Pourquoi le son compressé abîme nos oreilles ?

Luque&Gille
Depuis les années 1960-70, l’utilisation progressive de la compression a fait disparaître les micro-silences de nos bandes son. Ils sont pourtant nécessaires pour le confort d’écoute et la préservation de notre audition, a averti le directeur du Ceriah, le Pr Paul Avan. Ses travaux menés sur des cochons d’Inde ont montré que l’exposition prolongée au son compressé entraîne une fatigue et une diminution des réflexes auditifs. À l’aide d’une cartographie reliant les notes de confort attribuées par un panel de témoins à 120 morceaux et les caractéristiques acoustiques de 1 000 morceaux, Pablo Martin Luque et Florian Gille (photo), de l’Ircam-Amplify, ont mis en exergue plusieurs paramètres associés à un moindre confort d’écoute, tels que la faible présence de micro-silences ou les fréquences moyennes. Un modèle qu’ils espèrent améliorer afin de pouvoir, à terme, identifier les morceaux susceptibles de dégrader la santé auditive. D’ici 2025, un label « qualité sonore » devrait voir le jour, soutenu par la Fondation Écouter Voir. Il vise à garantir « l’absence de toute compression excessive du son, dans un souci de respect de la création artistique, de la qualité musicale, et de la santé auditive », explique la Semaine du son.

Des ateliers musicaux contre Alzheimer

Panel SanteAuditive
Musique ou cuisine, en Ehpad ? La Pr Séverine Samson (à gauche sur la photo, aux côtés de Shelly Chadha, Emmanuel Bigand, Christine Petit, Anne-Lise Giraud, Paul Avan et Arnaud Coez), neuropsychologue, a comparé les effets de ces deux activités sur le bien-être et la cognition des patients atteints de la maladie d’Alzheimer. Résultats positifs sur ces deux items, chez l’ensemble des patients ! « Ce n’est pas étonnant, la musique et la nourriture activent les mêmes structures du plaisir que les jeux d’argent ou les plaisirs érotiques », a-t-elle remarqué. L’activité musicale (en live uniquement) apporte toutefois un bénéfice supplémentaire, pour le bien-être des aidants. Un avantage qui permettrait de « réduire l’absentéisme, les burn-out, la maltraitance et peut-être l’usage de médicaments ».

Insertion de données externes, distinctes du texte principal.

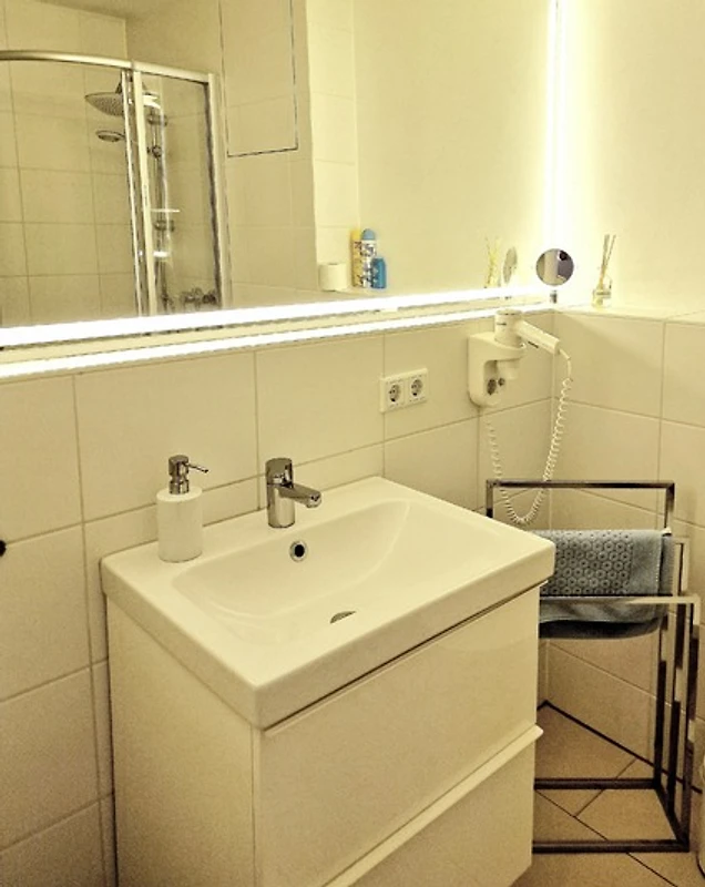 Im Duschbad steht Ihnen ausserdem eine Waschmaschine sowie ein Trockner zur Verfügung. Grosszügige Schränke im Schlafzimmer und im Flur bieten ausreichend Platz für Ihre Urlaubsgarderobe. Optional können Bettwäsche und Handtücher für € 25 pro Person dazu gebucht werden – Strandtücher bitten wir Sie, selbst mitzubringen.

Quand le son crée l’image…

Depuis 3 ans, la Semaine du son organise le concours international « Quand le son crée l’image ». A partir d’un thème musical commun, les concurrents issus du réseau des écoles associées de l’Unesco doivent créer l’image pour l’accompagner, un film brut sans ajout de son ni de sous-titre. Le résultat : « 3 à 400 (propositions basées) sur le même son, qui nous viennent d’Afrique du Sud, de Norvège, d’Europe, s’est réjoui Christian Hugonnet. C’est un instantané du ressenti mondial, au travers des créations de ces jeunes. » Les 20 meilleurs films présélectionnés seront diffusés le 16 mai, lors du festival de Cannes. Les élèves lauréats, accompagnés de leurs enseignants respectifs, verront leur prix remis à cette occasion. Cette année, le thème est « agir pour la paix et le développement durable » et la bande son est signée Rone.